—
This time it was Henry, wiping hair from his eyes and walking purposefully to the kitchen. For him it was a lot less hilarious, but certainly no more urgent:
“Yeah, good one, Achilles, thanks for the memories—Matthew’s sure to blow another stack tonight.”
Would I ever!
Next he opened the fridge, and this time there were some manners. “Can you just move your head there, please, mate? Thanks.”
He clinked, reaching and lifting, throwing beer cans into a cooler—and soon he was on his way again, bound for Bernborough Park, and the Murderer, again, remained.
What was going on here?
Could no one intuit the killer?
No, it wasn’t going to be that easy, and now he was left, this time crushed on the couch, to contemplate the term of his natural invisibility. He was caught—somewhere between the relief of its mercy and the shame of its impotence—and he sat there, simple and still. Around him, a cyclone of loose cat hair whirled in the evening light. The goldfish resumed its war with the glass, and the pigeon hit full stride.

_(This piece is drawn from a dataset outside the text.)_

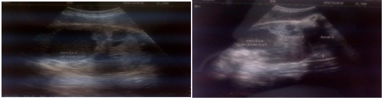
Fig. 1. Prenatal ultrasound: abdominl cystic mass

And the piano watched him from behind.
At Bernborough Park, when the last of them turned up, they shook hands, they laughed. They reveled. They drank in that adolescent way, all greedy-mouthed and wide open. They said “Oi!” and “Hey!” and “Where the hell have you been, you dopey deadshit?” They were virtuosos of alliteration and didn’t know it.
As soon as he’d stepped from his car, Henry’s first order of business was to make sure Clay was in the grandstand dressing sheds. Down there he’d meet today’s batch; there’d be six boys, all waiting, and what would happen was this:
They’d walk back out the tunnel.
Each of those six boys would then position himself around the 400-meter track.
Three at the 100-meter mark.
Two at the 200.
And one anywhere from the 300 to the finish.
Last, and most importantly, all six would do everything in their power to stop Clay running a single lap. Easier said than done.
As for the mob who watched, they guessed at the result. Each would call out a specific time, and that’s where Henry came in. Henry, very willingly, handled the bets. A stump of chalk in his hand, an old-school stopwatch round his neck, and he was set.
* * *
—
Today, several boys were at him immediately, down at the foot of the grandstand. To Henry, many of them weren’t even real—they were nicknames with boys attached. As for us, for all but two of them, we’ll see them here, we’ll leave them here, they’ll be fools like this forever. It’s kind of nice, when you think of it.
“Well, Henry?” asked Leper. You can only pity a guy with a nickname like that; there were scabs of various shapes, sizes, and colors all over him. Apparently he’d started doing stupid things on his bike when he turned eight, and never stopped.
Henry very nearly took pity on him, but opted instead for a smirk. “Well, what?”
“How tired is he?”
“Not very.”
“Has he run up Crapper’s stairwell yet?” This time it was Chugs. Charlie Drayton. “And up the hill to the graveyard?”
“Look, he’s good, all right, he’s in mint condition.” Henry rubbed his hands together, in warm anticipation. “We’ve got six of the best down there, too. Even Starkey.”
“Starkey! That bastard’s back, is he? That’s worth at least another thirty seconds, I reckon.”
“Oh, come on, Trout, Starkey’s all talk. Clay’ll run right past him.”